[INFORMATION]
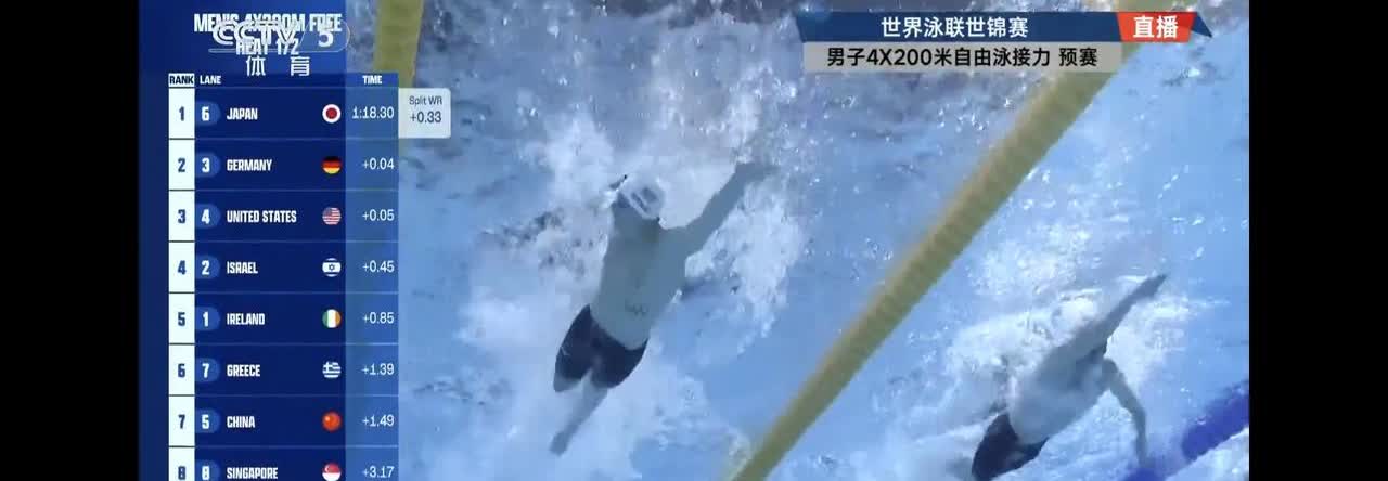 男子4×200米游泳接力, 第一棒:费立纬 1分46秒94,第5名交棒 第二棒:季新杰 1分46秒09,第3名交棒 第三棒:汪顺 1分46秒64,第2名交棒 第四棒:张展硕 1分46秒48,第2名完赛 中国队总成绩7分06秒15,以第六名的成绩进入晚上的决赛。 不出意外,晚上的决赛潘展乐应该会游最后一棒,不知道还会不会有奇迹发生,帮助中国队站上领奖台。
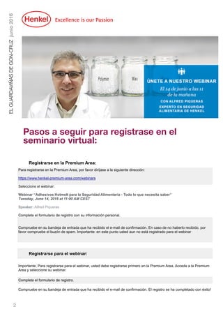Este documento presenta un seminario web sobre adhesivos hotmelt para la seguridad alimentaria. Explica los pasos para registrarse en el seminario virtual y resume los temas que se abordarán, incluyendo la migración de sustancias desde el embalaje a los alimentos, el uso de barreras en los materiales de embalaje, la normativa europea relevante y los análisis requeridos para evaluar las materias primas de los adhesivos.
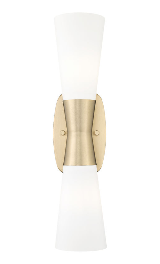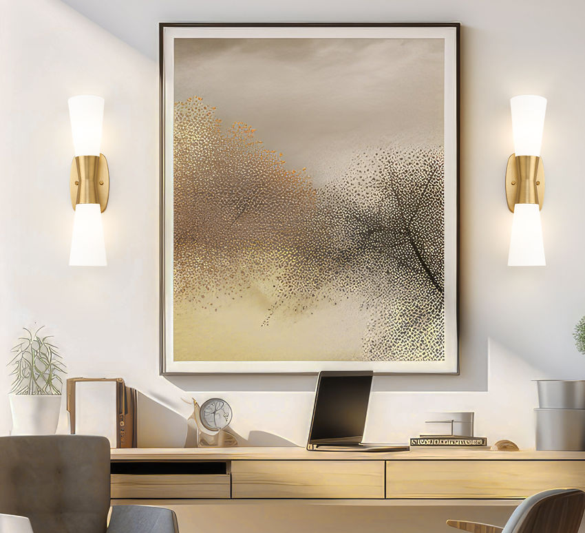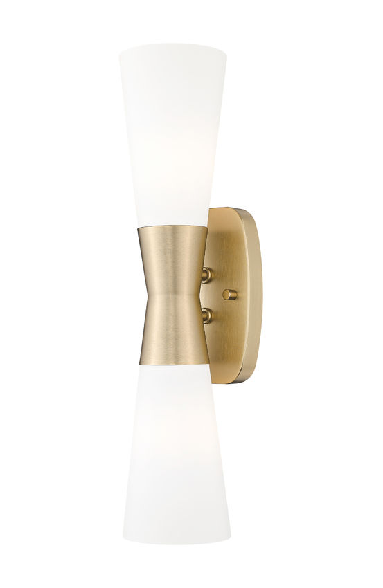 A mix of design motifs brings elegance and versatility to a two-light wall sconce you'll love. Start with inverted, vertically placed matte opal glass contoured shades, chic and delicate. Continue to a beautiful modern gold finish metal frame configuration forming an hourglass silhouette.
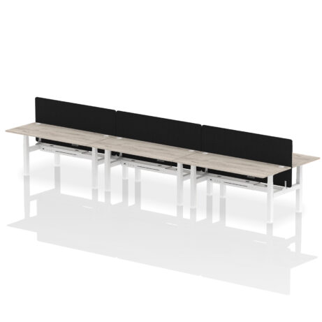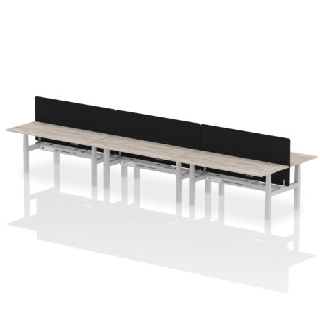 Air Back-to-Back Height Adjustable Bench Desk – 6 Person with Black Straight Screen
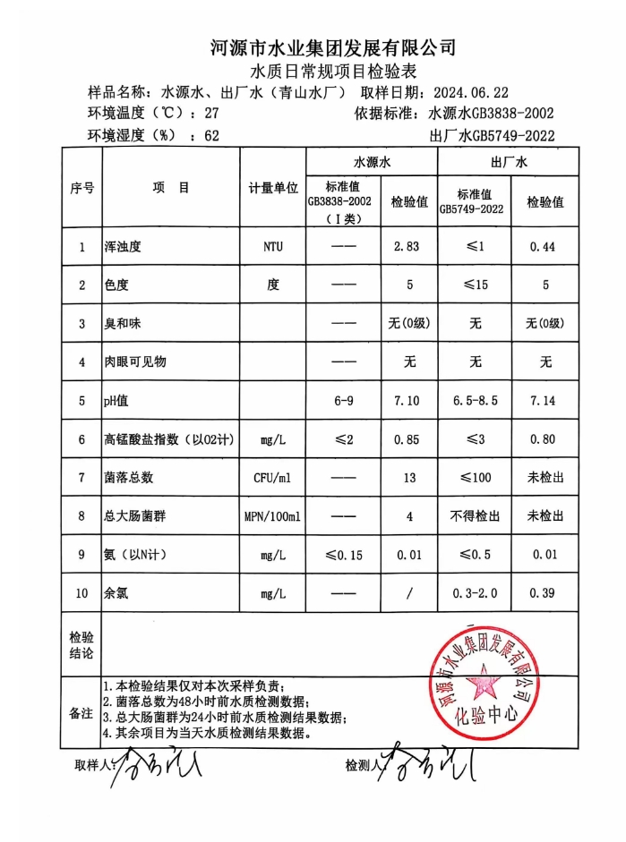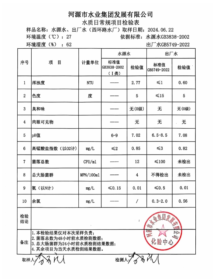 2024年6月22日水质检验报告
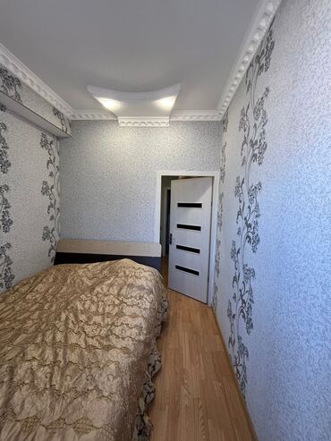 - Yataq otağı: dekorativ gips-karton tavan işıqları, klassik kartonpyer, naxışlı divar kağızları; laminat döşəmə; ikili yataq və ayrıca tək çarpayı yerləşimi üçün uyğun planlama.
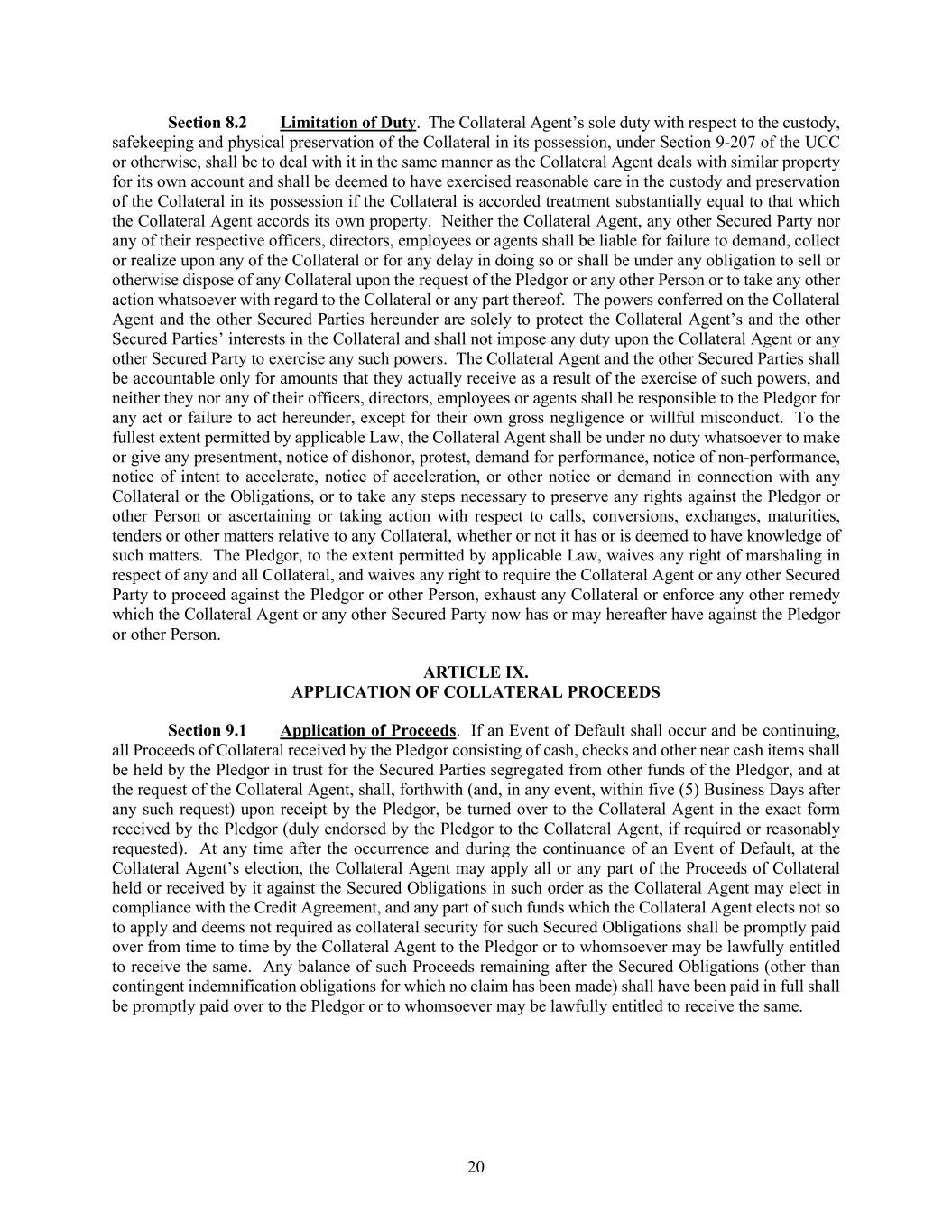 20 Section 8.2 Limitation of Duty. The Collateral Agent’s sole duty with respect to the custody, safekeeping and physical preservation of the Collateral in its possession, under Section 9-207 of the UCC or otherwise, shall be to deal with it in the same manner as the Collateral Agent deals with similar property for its own account and shall be deemed to have exercised reasonable care in the custody and preservation of the Collateral in its possession if the Collateral is accorded treatment substantially equal to that which the Collateral Agent accords its own property. Neither the Collateral Agent, any other Secured Party nor any of their respective officers, directors, employees or agents shall be liable for failure to demand, collect or realize upon any of the Collateral or for any delay in doing so or shall be under any obligation to sell or otherwise dispose of any Collateral upon the request of the Pledgor or any other Person or to take any other action whatsoever with regard to the Collateral or any part thereof. The powers conferred on the Collateral Agent and the other Secured Parties hereunder are solely to protect the Collateral Agent’s and the other Secured Parties’ interests in the Collateral and shall not impose any duty upon the Collateral Agent or any other Secured Party to exercise any such powers. The Collateral Agent and the other Secured Parties shall be accountable only for amounts that they actually receive as a result of the exercise of such powers, and neither they nor any of their officers, directors, employees or agents shall be responsible to the Pledgor for any act or failure to act hereunder, except for their own gross negligence or willful misconduct. To the fullest extent permitted by applicable Law, the Collateral Agent shall be under no duty whatsoever to make or give any presentment, notice of dishonor, protest, demand for performance, notice of non-performance, notice of intent to accelerate, notice of acceleration, or other notice or demand in connection with any Collateral or the Obligations, or to take any steps necessary to preserve any rights against the Pledgor or other Person or ascertaining or taking action with respect to calls, conversions, exchanges, maturities, tenders or other matters relative to any Collateral, whether or not it has or is deemed to have knowledge of such matters. The Pledgor, to the extent permitted by applicable Law, waives any right of marshaling in respect of any and all Collateral, and waives any right to require the Collateral Agent or any other Secured Party to proceed against the Pledgor or other Person, exhaust any Collateral or enforce any other remedy which the Collateral Agent or any other Secured Party now has or may hereafter have against the Pledgor or other Person. ARTICLE IX. APPLICATION OF COLLATERAL PROCEEDS Section 9.1 Application of Proceeds. If an Event of Default shall occur and be continuing, all Proceeds of Collateral received by the Pledgor consisting of cash, checks and other near cash items shall be held by the Pledgor in trust for the Secured Parties segregated from other funds of the Pledgor, and at the request of the Collateral Agent, shall, forthwith (and, in any event, within five (5) Business Days after any such request) upon receipt by the Pledgor, be turned over to the Collateral Agent in the exact form received by the Pledgor (duly endorsed by the Pledgor to the Collateral Agent, if required or reasonably requested). At any time after the occurrence and during the continuance of an Event of Default, at the Collateral Agent’s election, the Collateral Agent may apply all or any part of the Proceeds of Collateral held or received by it against the Secured Obligations in such order as the Collateral Agent may elect in compliance with the Credit Agreement, and any part of such funds which the Collateral Agent elects not so to apply and deems not required as collateral security for such Secured Obligations shall be promptly paid over from time to time by the Collateral Agent to the Pledgor or to whomsoever may be lawfully entitled to receive the same. Any balance of such Proceeds remaining after the Secured Obligations (other than contingent indemnification obligations for which no claim has been made) shall have been paid in full shall be promptly paid over to the Pledgor or to whomsoever may be lawfully entitled to receive the same.
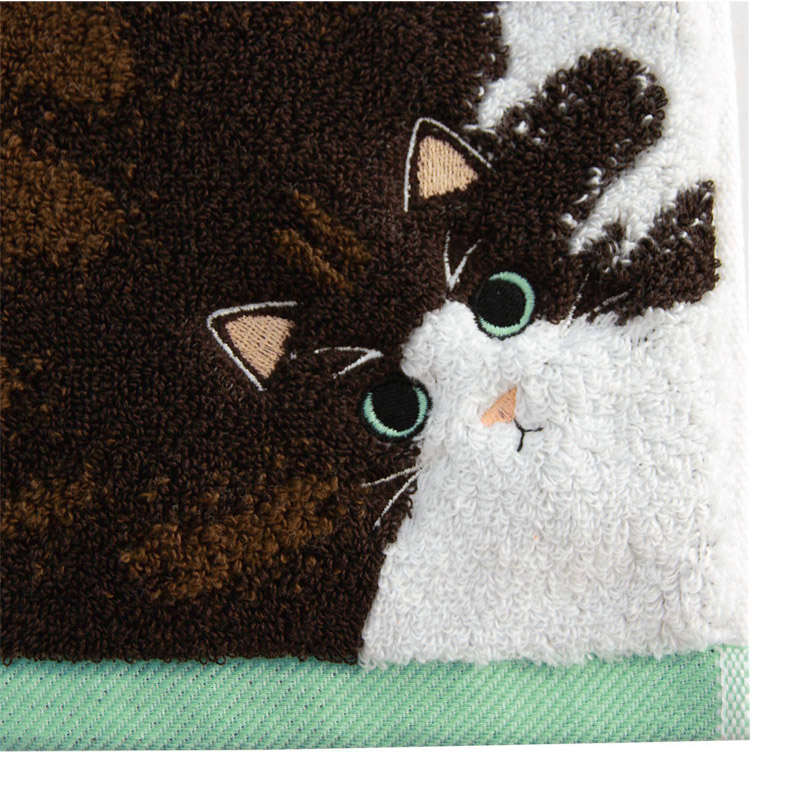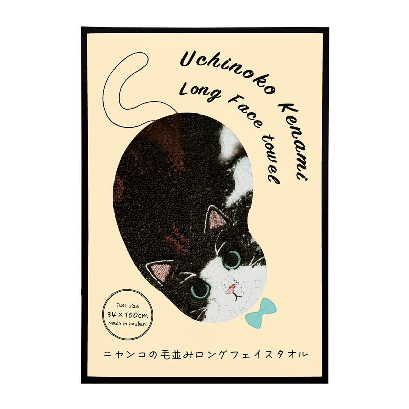 ニャンコの柄をデザインした、個性豊かなフェイスタオル。
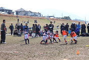 温かい日差しの中、中鶴少年ラグビークラブさんとの交歓会が開催されました。 3年生として最後の試合。練習した成果をしっかりと発揮することを目標に試合に挑みましたが、試合終了まで体力を持続することが出来ず、少し悔しさの残る試合結果となってしまいました。コーチからは、「パス回し、ロングリリースは出来るようになってきた。ディフェンスの時は、もっとみんなで前に出て、タックルをしよう。」とご指導いただきました。今後も練習を積み重ね、仲間とともに成長してほしいと思います。コーチの方々をはじめ、関係者の皆様ありがとうございました。 最後になりましたが、中鶴少年ラグビークラブの皆様、素晴らしい交歓会をご準備いただき、ありがとうございました。 |
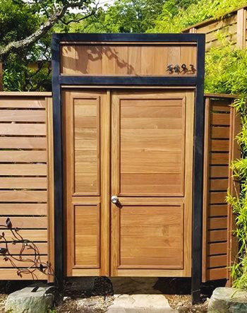 入り口となるエントランスは、ウッドデッキと同じ材でオリジナルアイアン扉を造作設置しました。
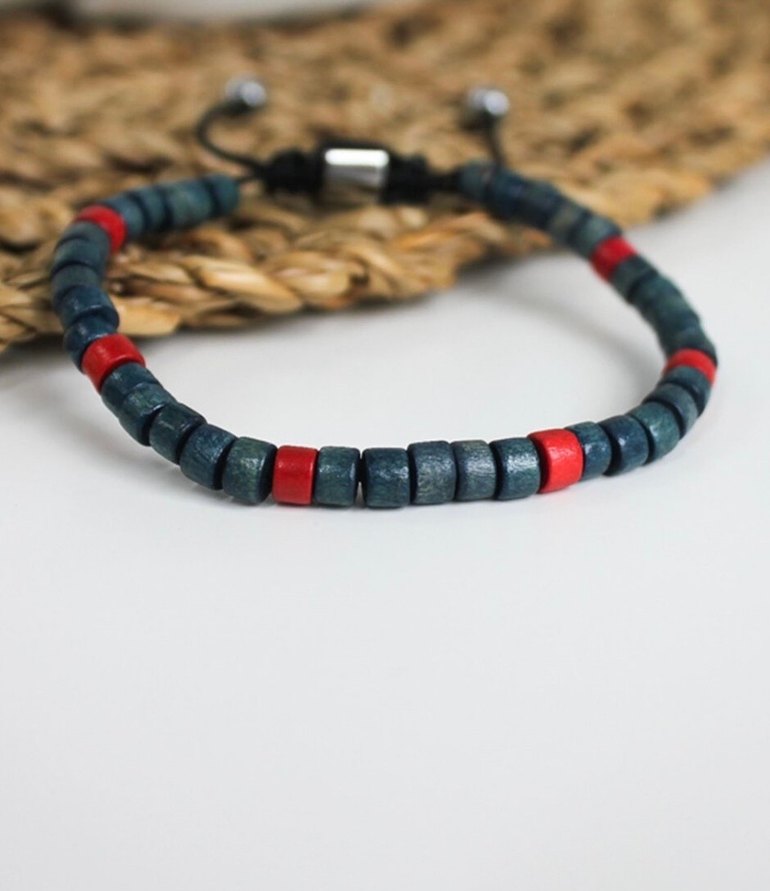 Erkekler için bohem tarzda, koyu ve kırmızı tonlarda renkli boncuklardan oluşan, ipli ayarlanabilir bileklik.
[/INFORMATION]
WHAT YOU ARE ASKED TO DO >> Your task is to reproduce exactly the lines from the start of the data above through the line containing "2024年6月22日水质检验报告", leaving every picture out.

SOLUTION TO THIS TASK >>
 男子4×200米游泳接力, 第一棒:费立纬 1分46秒94,第5名交棒 第二棒:季新杰 1分46秒09,第3名交棒 第三棒:汪顺 1分46秒64,第2名交棒 第四棒:张展硕 1分46秒48,第2名完赛 中国队总成绩7分06秒15,以第六名的成绩进入晚上的决赛。 不出意外,晚上的决赛潘展乐应该会游最后一棒,不知道还会不会有奇迹发生,帮助中国队站上领奖台。
Este documento presenta un seminario web sobre adhesivos hotmelt para la seguridad alimentaria. Explica los pasos para registrarse en el seminario virtual y resume los temas que se abordarán, incluyendo la migración de sustancias desde el embalaje a los alimentos, el uso de barreras en los materiales de embalaje, la normativa europea relevante y los análisis requeridos para evaluar las materias primas de los adhesivos.
 A mix of design motifs brings elegance and versatility to a two-light wall sconce you'll love. Start with inverted, vertically placed matte opal glass contoured shades, chic and delicate. Continue to a beautiful modern gold finish metal frame configuration forming an hourglass silhouette.
 Air Back-to-Back Height Adjustable Bench Desk – 6 Person with Black Straight Screen
 2024年6月22日水质检验报告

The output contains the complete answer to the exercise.